Article Display

Into the fleet again

  • Published
  • By Senior Airman Cody Sanders
  • 20th Fighter Wing Public Affairs

The 55th Fighter Generation Squadron’s aircraft, tail number 6084 took flight for the first time in three years.

November 9, 2021, was the three year anniversary since 6084 hydroplaned during take-off, collapsed on the nose gear and skidded off the runway. While the pilot walked away unharmed, the same could not be said for the aircraft.

The aircraft intake was bent, rendering the F-16 Viper grounded, normally requiring it to be crated up and sent to the 309th Aircraft Maintenance Group at Hill Air Force Base for a complete rebuild. Due to the depot being full, the 55th FGS took the project on themselves.

“When you have something that extensive, you have to sit down with engineering to discuss whether it’s worth the cost to the Air Force to save this aircraft and it was,” said Master Sgt. John Linfoot, 55th FGS production superintendent. “We had a depot team come to Shaw to ensure the airframe was not bent in a manner that would impact the integrity of the aircraft.
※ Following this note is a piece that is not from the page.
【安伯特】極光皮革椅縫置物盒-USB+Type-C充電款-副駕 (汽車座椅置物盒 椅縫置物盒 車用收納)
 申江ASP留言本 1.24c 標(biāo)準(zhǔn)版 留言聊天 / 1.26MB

They concluded the aircraft remained structurally sound.”

After 1,117 days of reassembling the jet, making repairs and performing extensive operational checks, Aircraft 6084 was ready for a functional check flight.

Functional check flights require a qualified pilot to verify all major systems and subsystems of the aircraft’s powerplant, flight controls and avionics work properly before being considered fully mission capable.
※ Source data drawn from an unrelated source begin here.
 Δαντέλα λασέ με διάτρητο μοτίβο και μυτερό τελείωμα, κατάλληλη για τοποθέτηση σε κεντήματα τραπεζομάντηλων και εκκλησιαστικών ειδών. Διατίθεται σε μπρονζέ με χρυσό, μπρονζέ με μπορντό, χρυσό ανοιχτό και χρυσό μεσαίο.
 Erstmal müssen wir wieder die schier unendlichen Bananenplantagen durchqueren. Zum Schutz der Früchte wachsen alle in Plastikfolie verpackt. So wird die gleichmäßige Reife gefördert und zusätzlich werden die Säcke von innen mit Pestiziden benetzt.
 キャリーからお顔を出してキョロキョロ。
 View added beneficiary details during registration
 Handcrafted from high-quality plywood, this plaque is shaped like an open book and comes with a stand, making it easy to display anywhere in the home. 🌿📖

“This is the gold standard of the inherent trust between our maintenance teams and pilots. The FCF profile calls for me to put the jet under stress to ensure it is safe for our line pilots,” said Lt. Col. Nathaniel Halley, 20th Fighter Wing instructor and evaluator pilot. “Because I know the track record and character of our maintenance professionals, I had no reservations climbing into a jet that had been down for that long.”
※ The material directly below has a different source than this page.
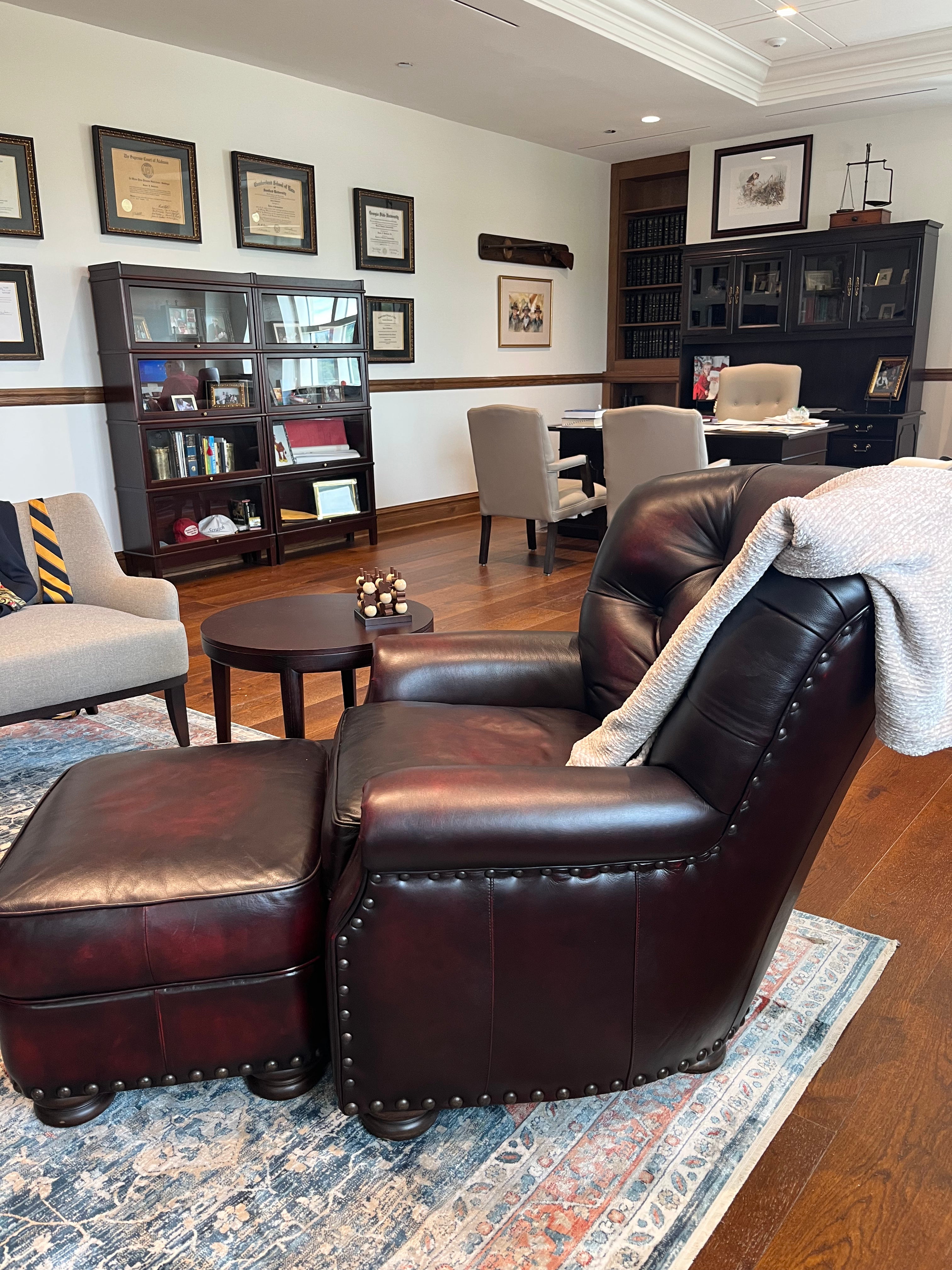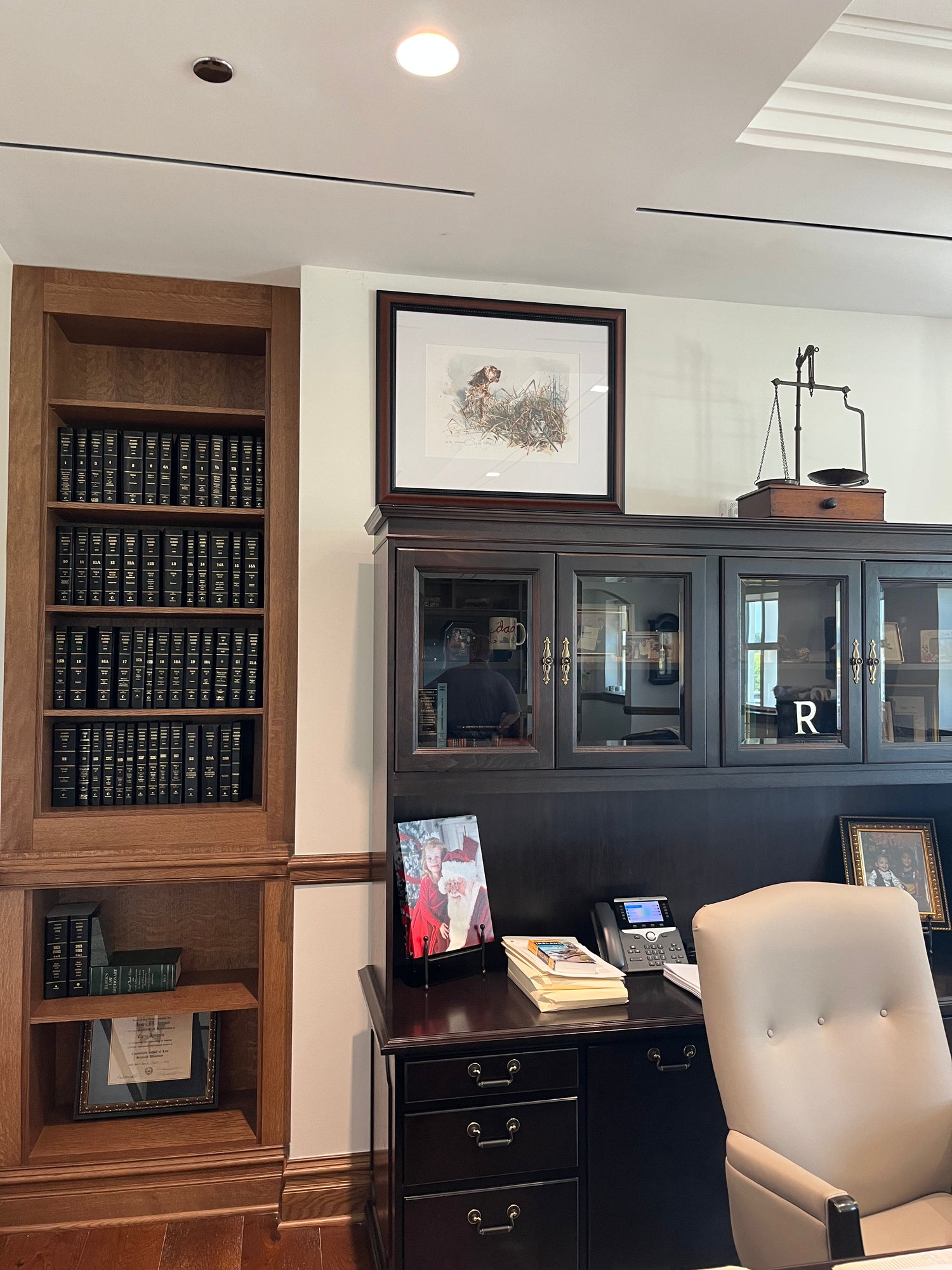 In this meaningful project, I successfully integrated my client's cherished existing pieces with fresh updates, all accomplished within budget and on schedule. This local endeavor in the new courthouse involved reimagining the layout of a private office space, along with procuring, installing, and harmoniously styling a blend of old and new art and accessories.

Getting the opportunity to restore their own jet enabled the 55th FGS to gain invaluable experience. However, restoring an aircraft from the ground up presented new challenges that tested Airmen’s tenacity.

“With every operational check that we would move forward a step, we would find something new and move back two steps,” said Linfoot. “That has an amazing training impact because these Airmen will have proficiencies from troubleshooting that you don’t normally get on the line and may have never gotten if we didn’t get this opportunity.”

The 55th FGS wasn’t the only beneficiary from restoring the jet. The 20th Fighter Wing and the Air Force as whole will benefit from having another F-16 Viper back in the fleet.

“It’s all about availability. Having another tail in the lineup allows lead production superintendents to have more jet capacity, which allows for more training lines for the fighter squadron and more experience for young pilots,” said Halley. “After the final functional check flight in the coming weeks and gaining mission capable status, Aircraft 6084 will be eligible to deploy worldwide.”